### ENTRIES SUPPLIED
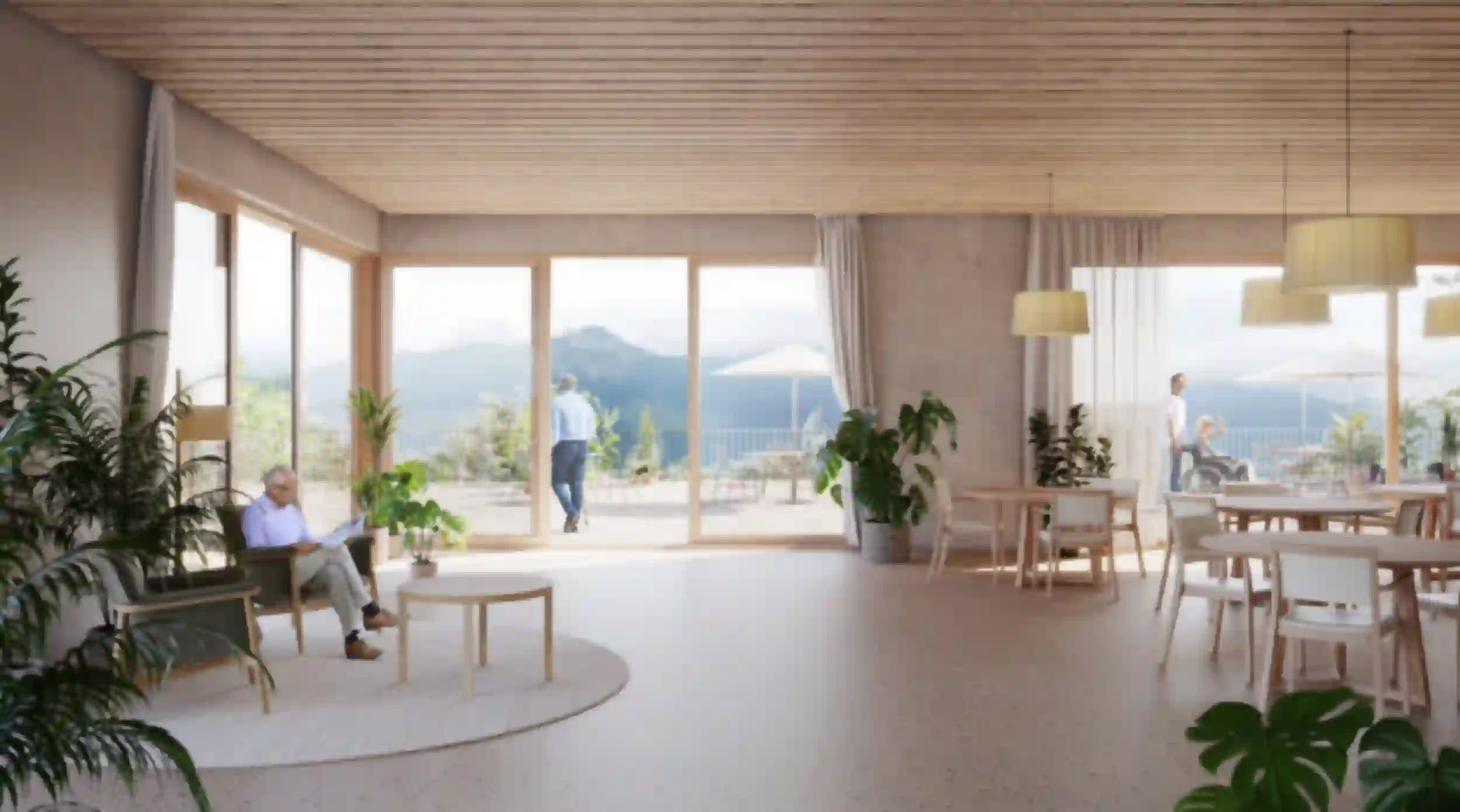 Der Neubau des Altenheims erfolgt im Zuge einer gesamthaften Betrachtung der Pflege- und Betreuungsangebote für Seniorinnen und Senioren in der Region Gruyère. Als eines von vier Projekten wird der Standort neu entwickelt und soll zukünftig 87 Pflegeplätze bereitstellen. Der vorgeschlagene Neubau bietet dabei eine kompakte Lösung auf dem topografisch stark abfallenden Gelände und bietet mit der neu geschaffenen Terrasse im Osten einen beeindruckenden Blick über das Tal auf die Alpen.
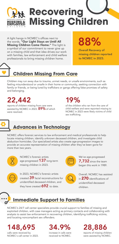 Recovering Missing Children infographic was designed using Adobe Illustrator. Elements such as hierarchy, layout, typography, color, icons, and illustrations were used.
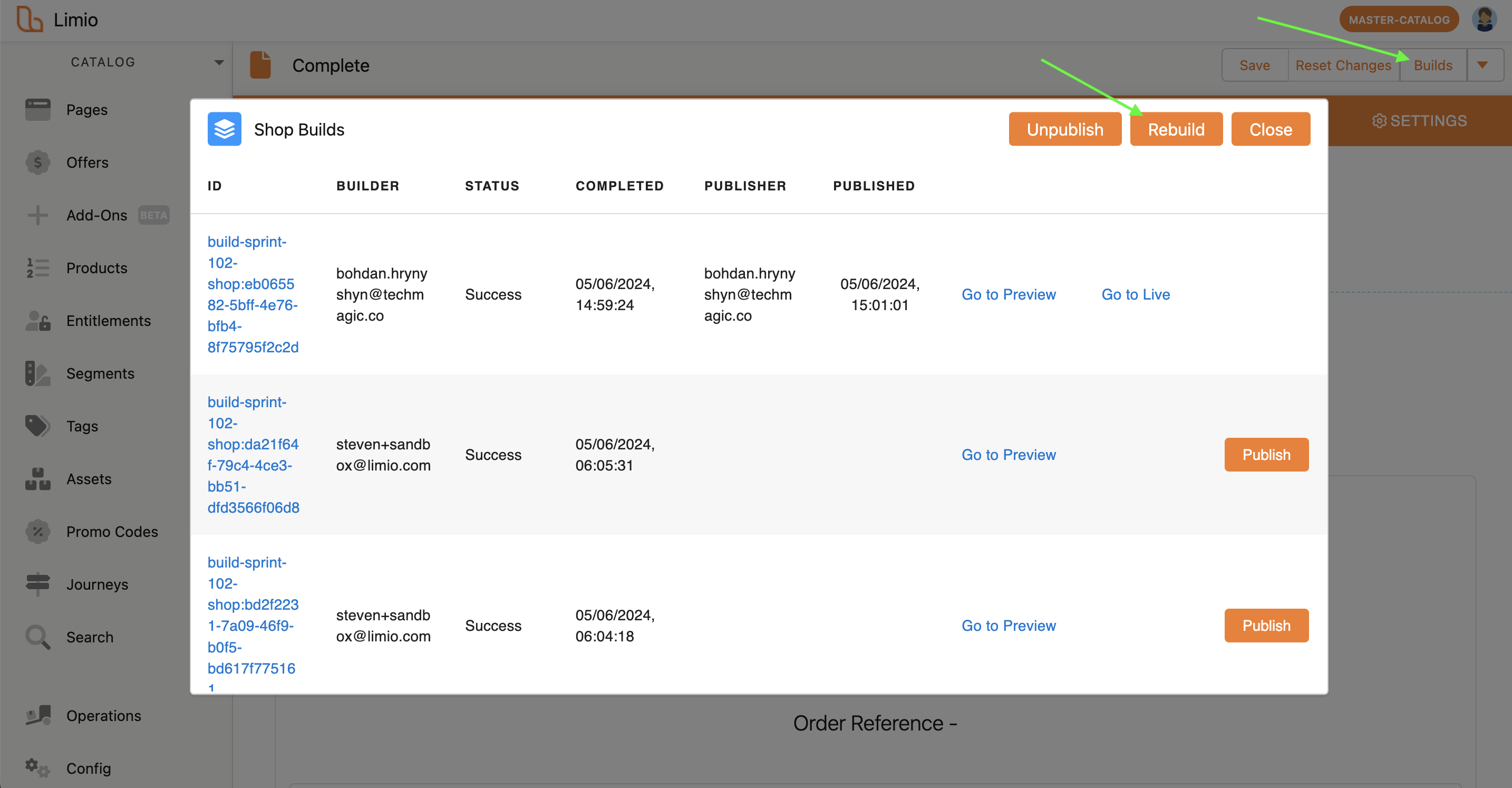 In order to reduce stress on the build process and prepare our page builder for future improvements, we've separated out the Save functionality and the page Build functionality. Now, the Save button will not automatically build your page. Instead, you'll need to click Builds and Rebuild to trigger the page Build. Mass build and publish still works the same as before.
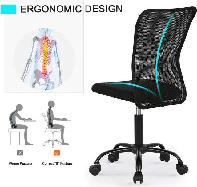 ERGONOMIC DESIGN- The cushion of office chair, lumbar support accord with human body engineering design, The Office desk computer mesh chair curved backrest can perfectly line up with human body line and support your spines natural curve. The lumbar support system resembles a pair of hands, pushing up and holding your low back. suit long time use.
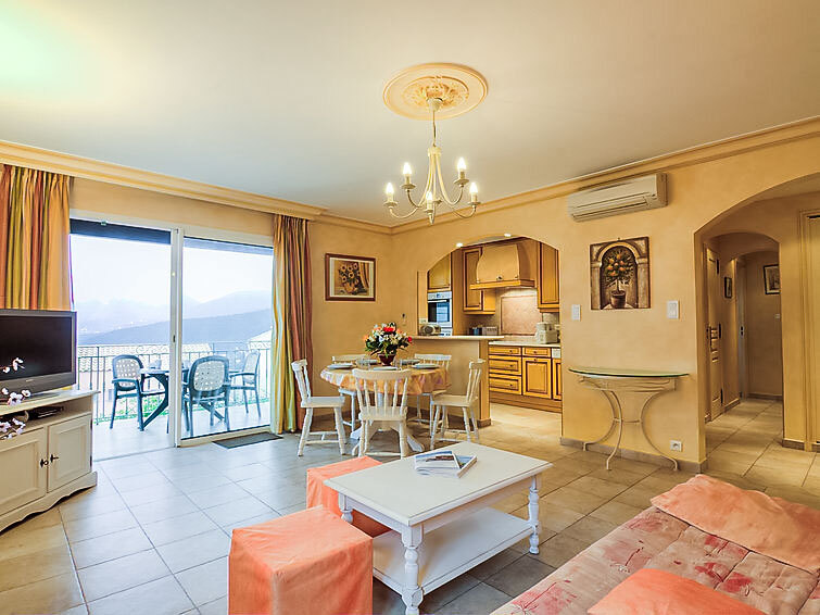 Villa 3-kamers 80 m2. Comfortabel en mooi ingericht: woon-/eetkamer met TV (Flatscreen TV). Uitgang naar het terras. 1 kamer met 1 2-pers bed (1 x 140 cm, lengte 190 cm), TV (Flatscreen TV). Uitgang naar het terras. 1 kamer met 2 bedden (90 cm, lengte 190 cm). Open keuken (mini-oven, oven, afwasmachine, 4 keramische glas kookplaten, broodrooster, waterkoker, magnetron, elektrische koffiemachine, pads voor de koffiemachine (Senseo) extra). Douche, aparte WC. Air-conditioning, heteluchtverwarming. Terras 25 m2, overdekt. Terrasmeubelen, barbecue (verrijdbaar), ligstoelen, bergruimte. Mooi uitzicht op zee. Ter beschikking: wasmachine, strijkijzer, haardroger. Internet (Internet (WiFi), extra). Parkeerplaats bij het huis. Rookmelders. 83048000177H4
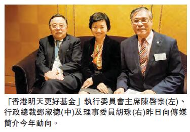 「香港明天更好基金」昨日舉辦傳媒茶聚簡介新一年動向。身兼主席的恒隆地產董事長兼選委的陳啟宗曾表明支持梁振英連任,被問到如何評價梁任內最后一份的施政報告,他指未有時間細閱所以不作評論。對於梁不尋求連任,他說是梁的個人決定,而不論誰人當選,香港仍是福地。集團會視乎風險回報等繼續在港投資。
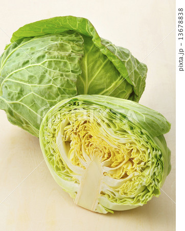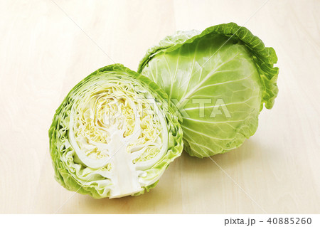 新鮮なキャベツ カットイメージ ( 木目背景 )
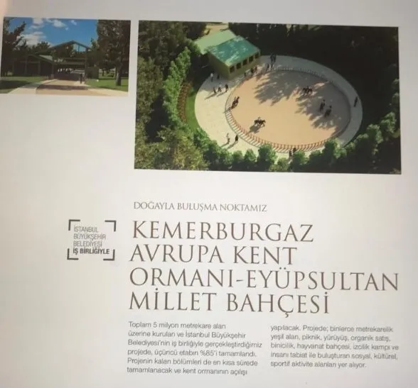 Kitapçığın; "Kemerburgaz Avrupa Kent Ormanı-Eyüpsultan Millet Bahçesi" başlıklı bölümünde, "Toplam 5 milyon metrekare alan üzerine kurulan ve İstanbul Büyükşehir Belediyesi'nin işbirliğinde gerçekleştirdiğimiz projede, üçüncü etabın yüzde 85'i tamamlandı. Projenin kalan bölümleri de en kısa sürede tamamlanacak ve kent ormanının açılışı yapılacak. Projede; binlerce metrekarelik yeşil alan, piknik, yürüyüş, organik satış, binicilik, hayvanat bahçesi, izcilik kampı ve insanı tabiatı ile buluşturan sosyal, kültürel, sportif aktivite alanları yer alıyor" ifadeleri yer alıyor.
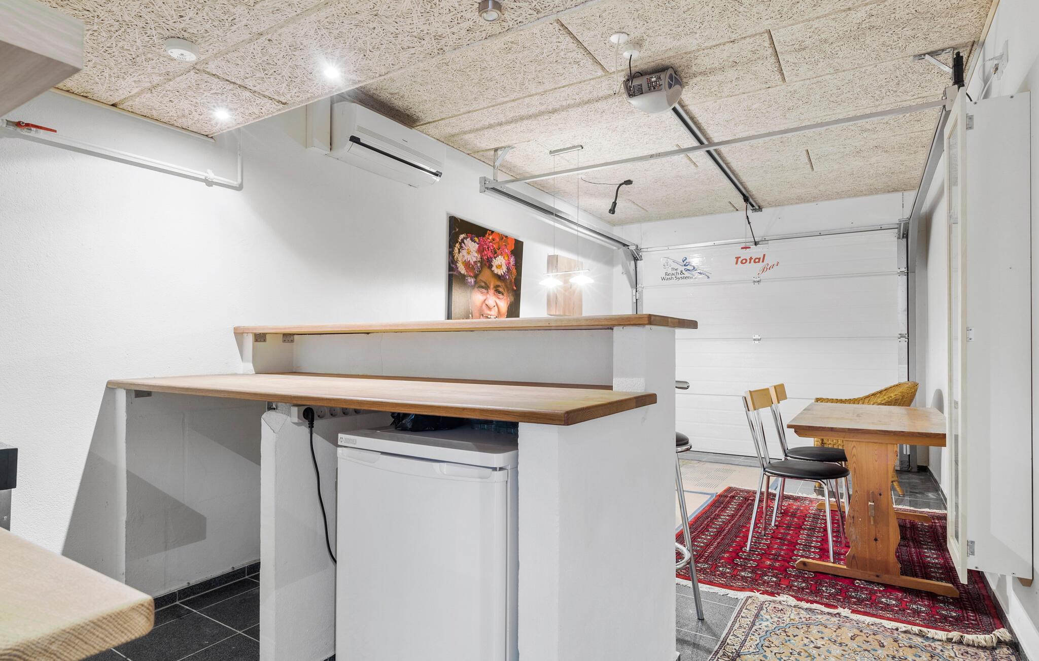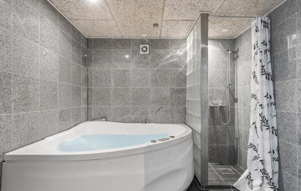 Velkommen til dette rummelige hus, der ligger i et roligt sommerhusområde og vidunderligt tæt på vandet. Indretningen fremtræder virkelig flot over flere etager med et vellykket samspil af forskellige, velholdte materialer, der sammen med de behagelige farveskalaer gør det nemt at slappe af med det samme, I ankommer. Interiøret får mange dejlige lysindfald gennem de store vinduespartier, der samtidig giver en skøn udsigt til omgivelserne. Køkkenet er veludstyret, så lad kokkene tage sig god tid til at kræse om livretterne. Efter aftensmaden kan I sætte jer godt til rette i en af de hyggelige stuer, i baren eller forkæle jer selv med lidt lækker wellness i spabadet eller saunaen og nyde, at I ikke skal tidligt op dagen efter.
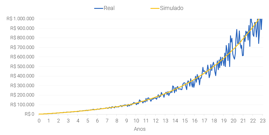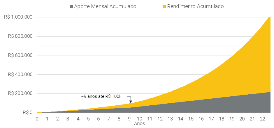 Essa dinâmica significa que, após atingir a marca dos R$100 mil, você estará na metade do caminho, ou seja, com mais alguns anos, nesse caso cerca de 10 a 11 anos, você terá alcançado um saldo de R$ 1 milhão.
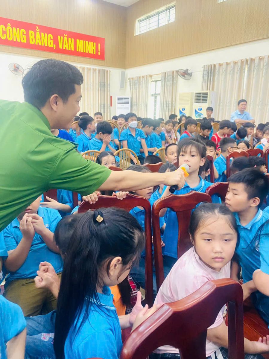 Đồng chí Thượng uý Lê Văn Điệp – Cán bộ công an xã tuyên truyền phòng tránh tai nạn đuối nước cho các em học sinh.
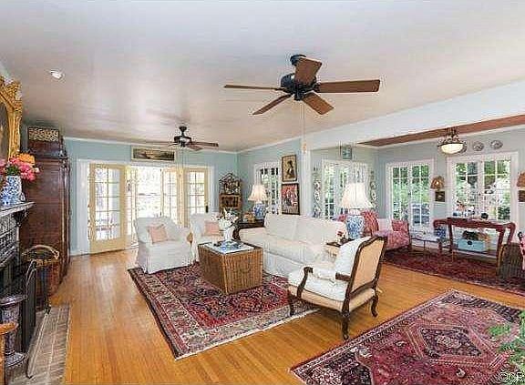 European Country Home in Floral Park. When you enter the antique gate of this private, secluded property, you are greeted by lush landscaping and gardens. This stately and handsome home, built in 1924, is accentuated by water features and an abundance of opportunities for outdoor entertainment and peaceful reflection. French doors and windows, open and airy with lots of sunlight, original wood floors and engineered wood floors, wainscoting, crown molding, plus hand-painted accent trim. Formal Living Room has a great room feeling with vintage detail throughout, including gracious fireplace and French windows. Formal Dining Room with wall of windows and incredible chandelier. Family room adjoins the full bath downstairs. Office off the Family Room opens to the side yard. Huge Laundry Room. Beautifully updated Kitchen with Marble Countertops, stainless steel dishwasher, oven, gas cooktop. 3 spacious bedrooms upstairs including Master Suite. Potential 4th bedroom downstairs. 3.5 charming, vintage-type tiled baths. Master Suite features shaped ceilings and alcove. Master Bath is oversized and has two pedestal sinks and a separate shower and tub. 2 additional Bedrooms upstairs plus a bath and a half. Nearly 3,000 square feet home on 10,150 square foot lot.
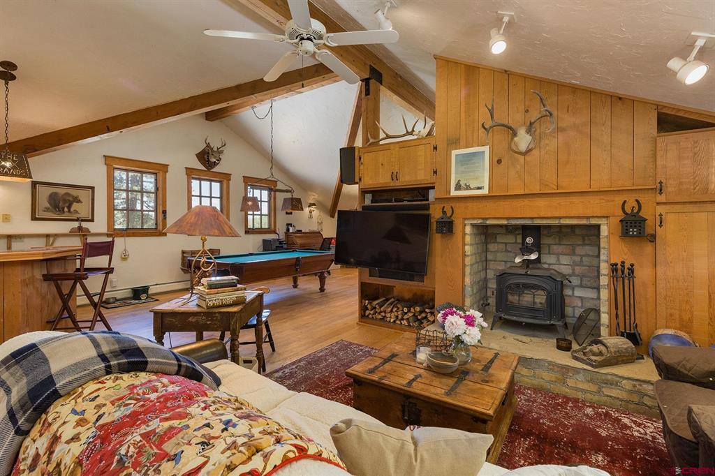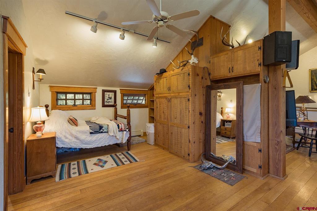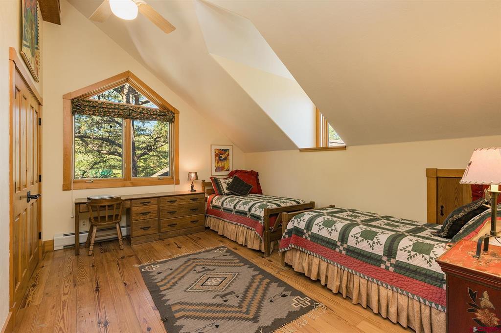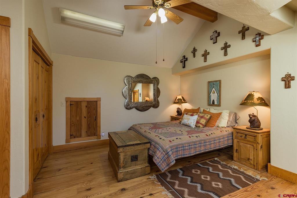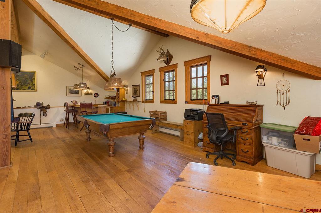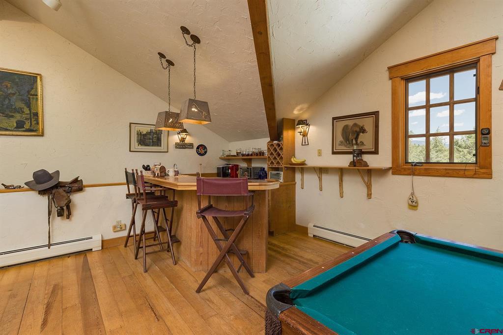Welcome to 712 Dream Catcher Ln, an amazingly private sanctuary just minutes from downtown Durango. This gorgeous wood and stone home has two bedrooms with en suite bathrooms and a powder room on the main floor, and two more bedrooms and another full bath upstairs, as well as a full apartment above the detached 2-car garage. With two paid water taps to Lake Durango Water Authority, a septic system that can handle more bedrooms, and another building envelope with spectacular views, the potential here for a second magnificent home is already partway realized. This 35 acre property holds a touch of magic in its places to escape to, have fun in and explore. Go camping, play tennis, enjoy a hot tub soak and watch a game at the pub—all without leaving your own property. It can't be captured in 36 photographs, so please take a moment to enjoy the video to understand in just how ways this retreat is perfect for you.
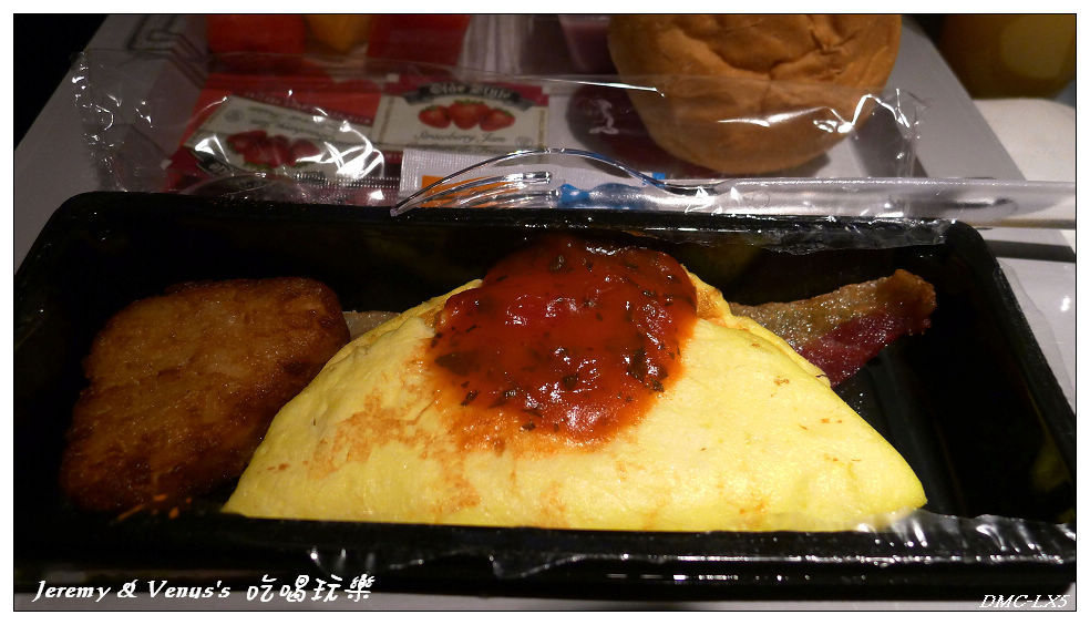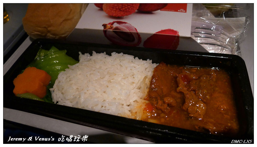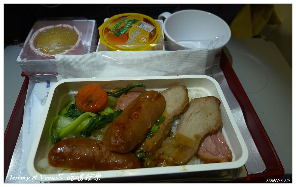 忘了是牛還是豬,那味道真是棒,總算吃到一個比較能吃的飛機餐了
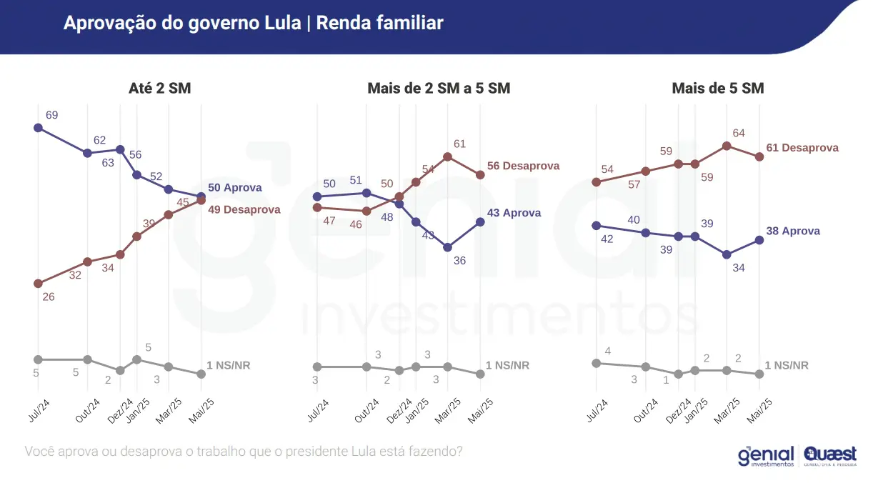 A disparada da desaprovação ao governo do presidente Luiz Inácio Lula da Silva (PT) já atinge principalmente a sua base eleitoral, de católicos e pessoas que ganham até dois salários mínimos, como revelou a nova pesquisa de avaliação da Quaest divulgada nesta quarta (4).

### PROMPT
Everything from the line with "新鮮なキャベツ カットイメージ ( 木目背景 )" down to the line with "ifadeleri yer alıyor." in the data above should be copied exactly, with both end lines kept and the pictures left out.

### ANSWER TO THE EXERCISE
 新鮮なキャベツ カットイメージ ( 木目背景 )
 Kitapçığın; "Kemerburgaz Avrupa Kent Ormanı-Eyüpsultan Millet Bahçesi" başlıklı bölümünde, "Toplam 5 milyon metrekare alan üzerine kurulan ve İstanbul Büyükşehir Belediyesi'nin işbirliğinde gerçekleştirdiğimiz projede, üçüncü etabın yüzde 85'i tamamlandı. Projenin kalan bölümleri de en kısa sürede tamamlanacak ve kent ormanının açılışı yapılacak. Projede; binlerce metrekarelik yeşil alan, piknik, yürüyüş, organik satış, binicilik, hayvanat bahçesi, izcilik kampı ve insanı tabiatı ile buluşturan sosyal, kültürel, sportif aktivite alanları yer alıyor" ifadeleri yer alıyor.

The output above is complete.